MH: Yeah, exactly. I like the songs to be open for people to mould to their own experience rather than a song being like, “Hey, I’m feeling really great on a summer’s day and you should feel like that too.” I want the music to be at the stage where someone could be like, ‘Oh, that totally resonates what I’m feeling right now’ and someone else could go, ‘Same’, but they’re feeling two totally different things.
MF: It’s interesting you mention the darkness, though: why do you think people get such a kick from the dark and the difficult stuff in music?
MH: I feel like it’s kind of a taboo. Especially in this age, the age of technology, we have to present ourselves as being happy, as having a great time. So I think all that actually almost works to fetishize feeling like shit. In music, it tends to be such a relief to listen to something that you feel connects with you on that dark level. I think people find it hard to talk about feeling bad or feeling strange, dark feelings; it’s kinda embarrassing. Which I guess is why it feeds into other outlets.

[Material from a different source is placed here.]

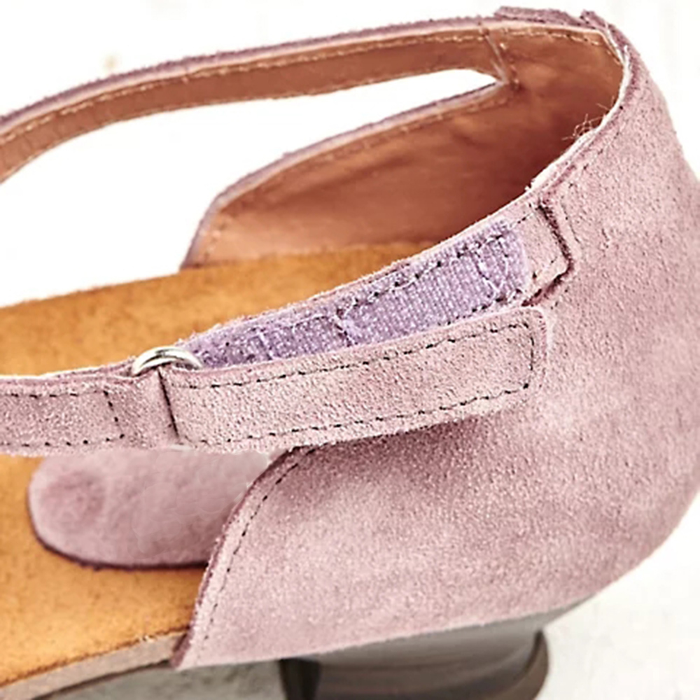 Women Vintage Flower Decoration Round Toe Ankle Strap Hook Loop Casual Heels Pumps

MF: Is it necessarily cathartic for you, writing about your life? If you write about something, does it make it feel better for you personally?
MH: I think so. I’m very lucky: I feel very confident talking about feeling sad. I think that might just be something to do with the way that I have grown up. I just kinda think it’s a pile of bullshit when I see people having a great time, all of the time [laughs]. So I think it is cathartic, but also, at the end of it, I create something that I will then have to listen back to and perform again, which might perhaps take me back into that emotional space. But I’m kinda fine with that. It’s kinda self-indulgent, really. [Laughs].
MF: But it’s kinda fun right, being self-indulgent. It kinda reinforces the self, right?
MH: Yeah, exactly. It’s quite fun, being dramatic. Certainly, my life isn’t as dramatic as the records make out. [Laughs.]